It’s been 20 years since Mark “Rent Boy” Renton (Ewan McGregor) decided to follow his own iconic monologue and chose life, running out on his fellow heroin junkie friends, the money they would all have made off a drug deal in his not-so-shaky hand. He’s spent the last two decades in Amsterdam – married, working a desk job and replacing helter skelter running from one score to the next with just running on a treadmill. But faced with some personal challenges, he decides to return to his home town in Scotland. And here he finds that the more things change, the more they stay the same.
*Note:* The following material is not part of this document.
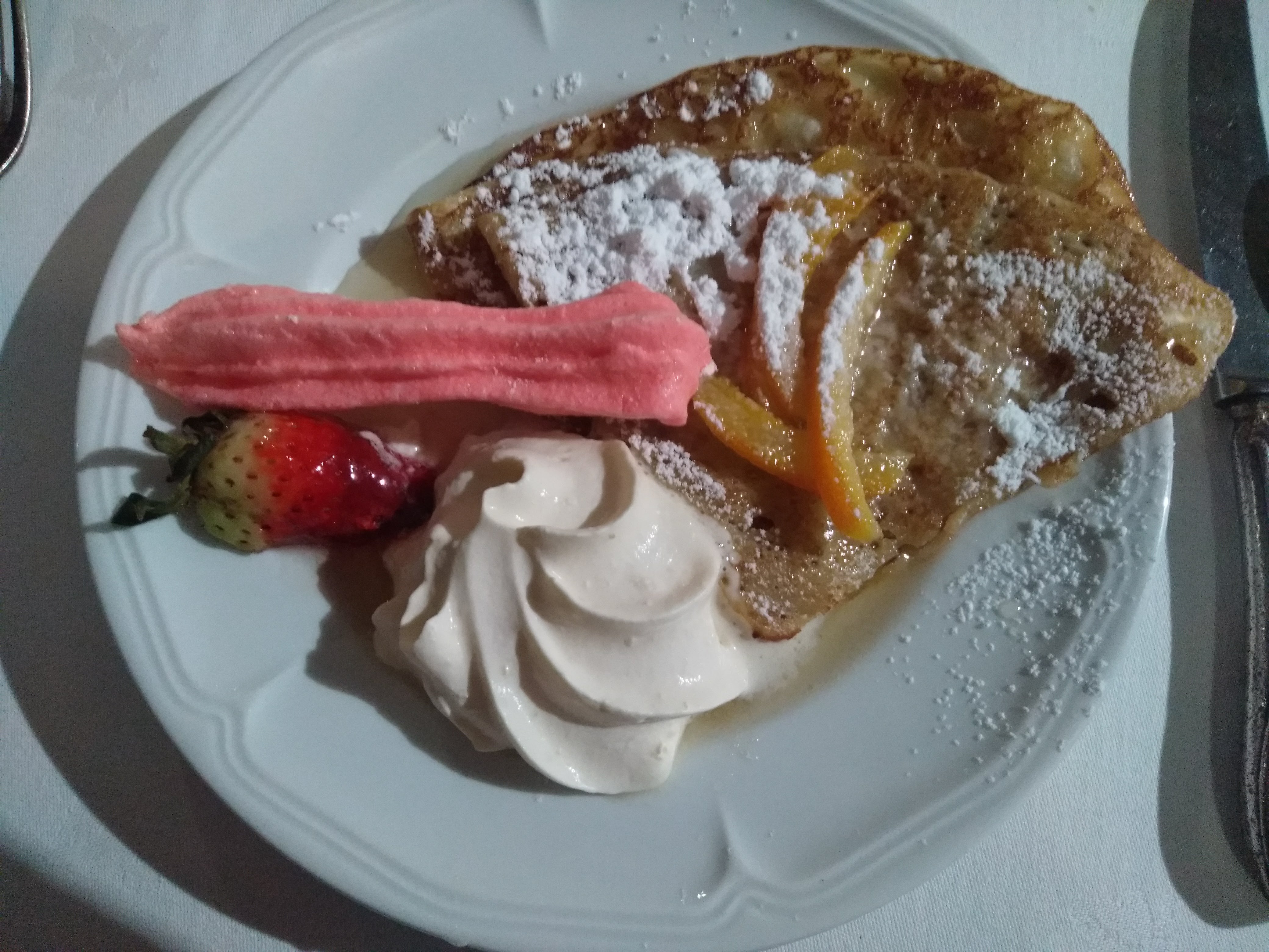 Accueil sympa, mais, des grosses arêtes dans le carpaccio de saumon, observations faites à la serveuse qui en rit, 1ère bouteille de vin, bouchonnée mais changée sans problème, des frites immangeables, une crème brûlée, certainement ancienne.

Brutish Franco (Robert Carlyle) is serving a 20 year jail sentence, Spud’s (Ewen Bremner) spiraling addiction has destroyed his relationship with his ex and their son, and Simon (Johnny Lee Miller) – who has now ditched the moniker of “Sick Boy” – is stuck running the dilapidated pub he inherited from his aunt, while also dabbling in a spot of homemade porn video blackmail with the assistance of his Bulgarian sex-worker partner Veronika (Anjela Nedyalko). The estranged Renton reenters their lives just in time engage with Simon in an absurdly impressive fist fight – which includes everything from splintered pool cues to bar-top lager waterboarding – to work through their bristly personal feelings towards each other.

With the punches behind him, Renton decides to help his old friends by getting Spud clean and joining Simon in one last scheme to escape their lot. And speaking of escape, Franco is on the lam and decides to reconnect with his wife and son, hoping to take the latter on a spot of father-son housebreaking. His volcanic anger at both learning that his son is not a chip off the old criminal block and that his raging masculinity has taken a turn for the impotent, is as nothing though compared to his ever-bubbling desire to get his revenge on Renton for what he did all those years ago. And now for the first time in two decades, they’re both back in the same city again.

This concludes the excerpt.